-- YOUR GOAL --
Your answer must be only the lines below from the one containing "NPM- TT2 EJM1EJ-MB-04M-00" through the one containing "My HollyWood |", copied exactly, with the pictures left out.
╭──
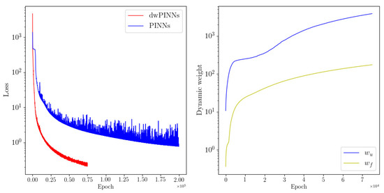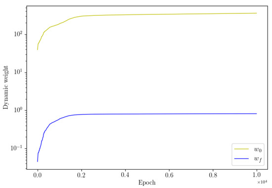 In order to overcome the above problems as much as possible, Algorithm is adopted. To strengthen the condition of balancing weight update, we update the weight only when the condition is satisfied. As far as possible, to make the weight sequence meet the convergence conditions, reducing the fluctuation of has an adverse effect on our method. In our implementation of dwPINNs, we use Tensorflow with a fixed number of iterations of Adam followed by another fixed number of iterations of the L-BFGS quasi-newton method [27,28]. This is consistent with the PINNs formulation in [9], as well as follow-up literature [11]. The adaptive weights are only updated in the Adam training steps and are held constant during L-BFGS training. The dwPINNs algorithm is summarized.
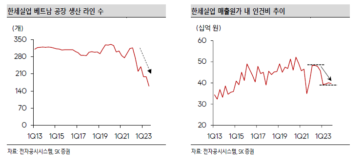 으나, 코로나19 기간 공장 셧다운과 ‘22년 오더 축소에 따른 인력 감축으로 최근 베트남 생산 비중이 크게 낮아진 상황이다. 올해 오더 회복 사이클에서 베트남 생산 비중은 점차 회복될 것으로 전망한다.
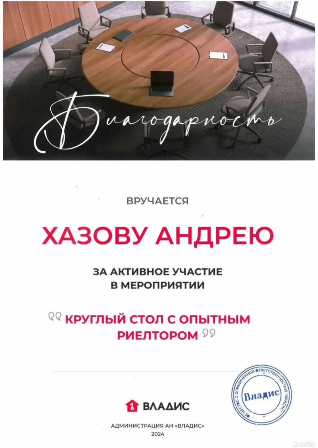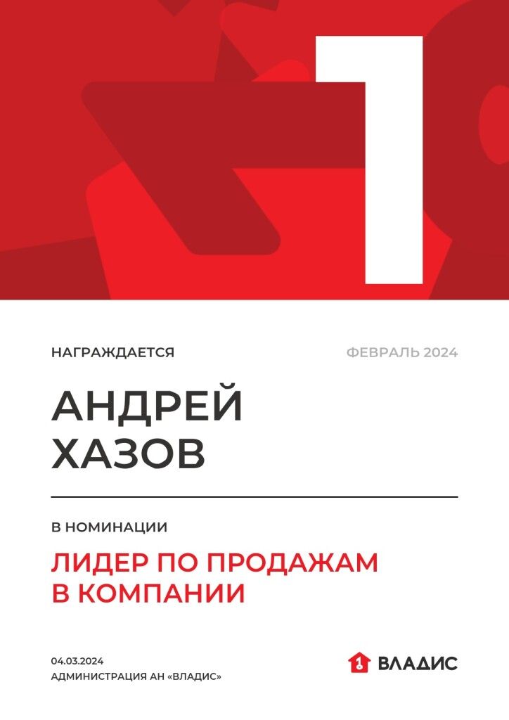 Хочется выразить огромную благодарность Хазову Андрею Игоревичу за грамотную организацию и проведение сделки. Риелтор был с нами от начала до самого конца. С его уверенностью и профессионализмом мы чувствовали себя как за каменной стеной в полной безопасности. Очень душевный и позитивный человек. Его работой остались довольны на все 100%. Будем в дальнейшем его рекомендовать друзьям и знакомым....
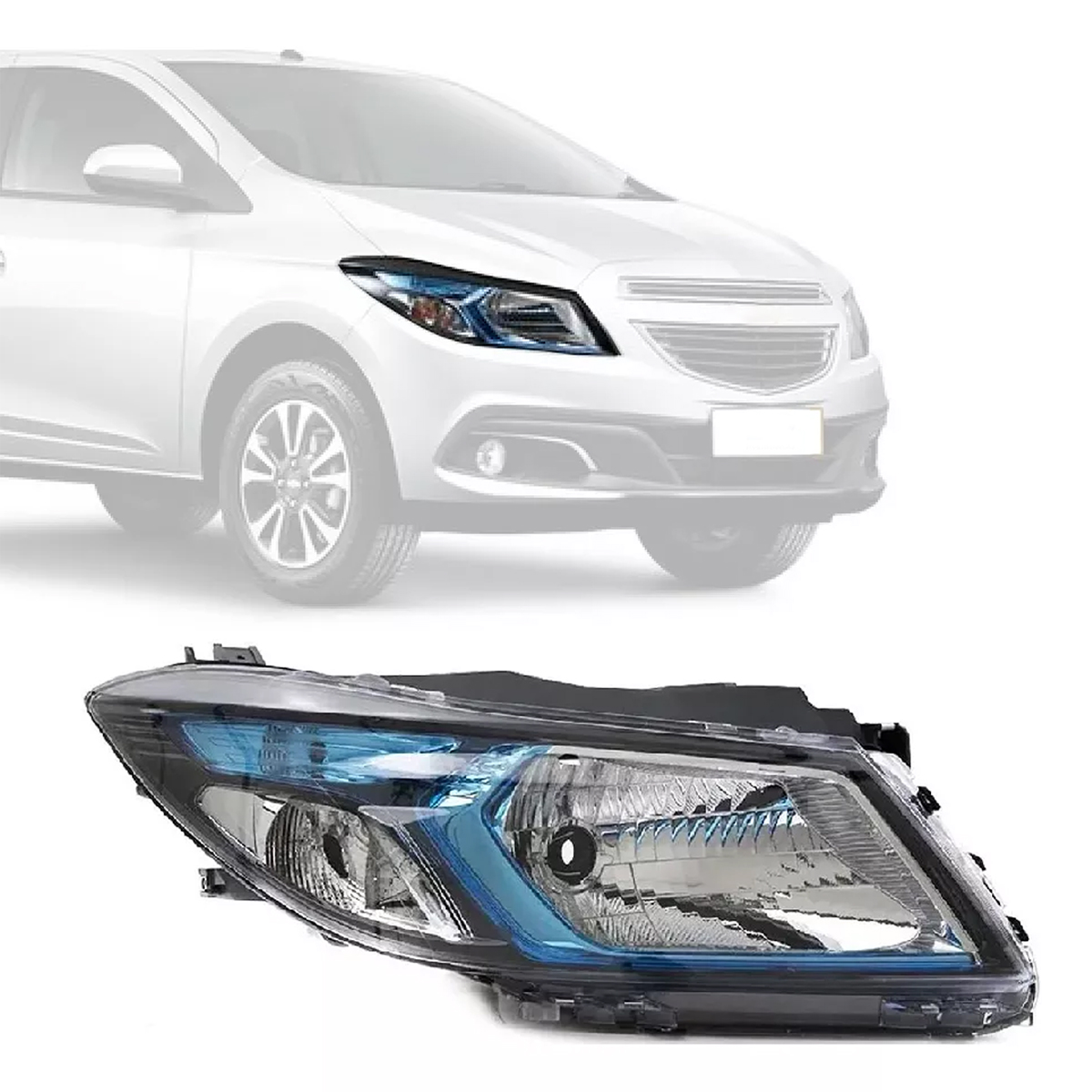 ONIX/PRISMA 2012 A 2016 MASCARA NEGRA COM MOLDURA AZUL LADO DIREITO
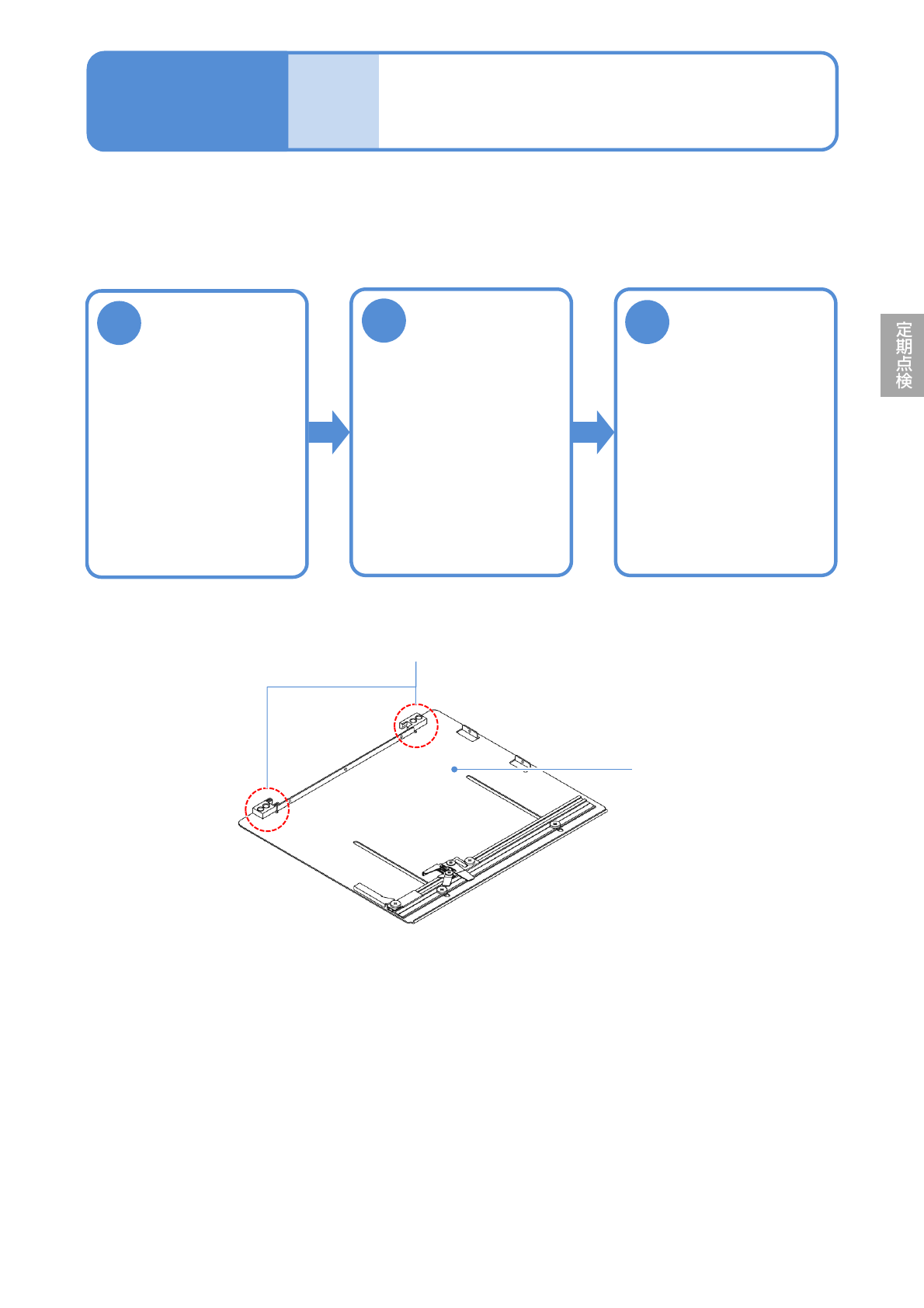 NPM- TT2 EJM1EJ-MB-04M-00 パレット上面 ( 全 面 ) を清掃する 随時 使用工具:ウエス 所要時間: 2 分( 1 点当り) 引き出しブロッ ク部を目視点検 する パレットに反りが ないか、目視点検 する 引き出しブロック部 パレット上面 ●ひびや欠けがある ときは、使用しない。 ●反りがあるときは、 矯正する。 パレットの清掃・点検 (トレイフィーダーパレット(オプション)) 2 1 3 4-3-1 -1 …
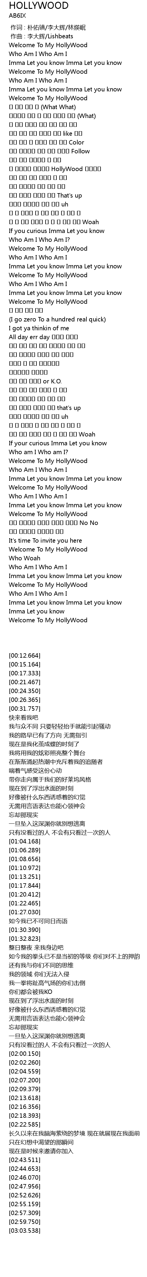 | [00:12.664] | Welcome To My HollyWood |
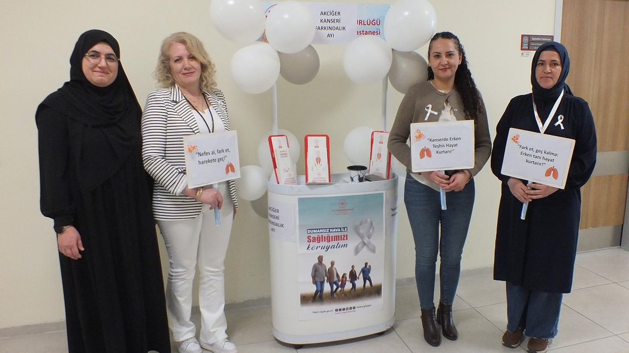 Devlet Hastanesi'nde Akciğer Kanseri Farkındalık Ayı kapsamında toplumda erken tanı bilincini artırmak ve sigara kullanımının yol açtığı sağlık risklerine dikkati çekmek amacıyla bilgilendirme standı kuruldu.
╰──
-- TASK RESPONSE --
 NPM- TT2 EJM1EJ-MB-04M-00 パレット上面 ( 全 面 ) を清掃する 随時 使用工具:ウエス 所要時間: 2 分( 1 点当り) 引き出しブロッ ク部を目視点検 する パレットに反りが ないか、目視点検 する 引き出しブロック部 パレット上面 ●ひびや欠けがある ときは、使用しない。 ●反りがあるときは、 矯正する。 パレットの清掃・点検 (トレイフィーダーパレット(オプション)) 2 1 3 4-3-1 -1 …
 | [00:12.664] | Welcome To My HollyWood |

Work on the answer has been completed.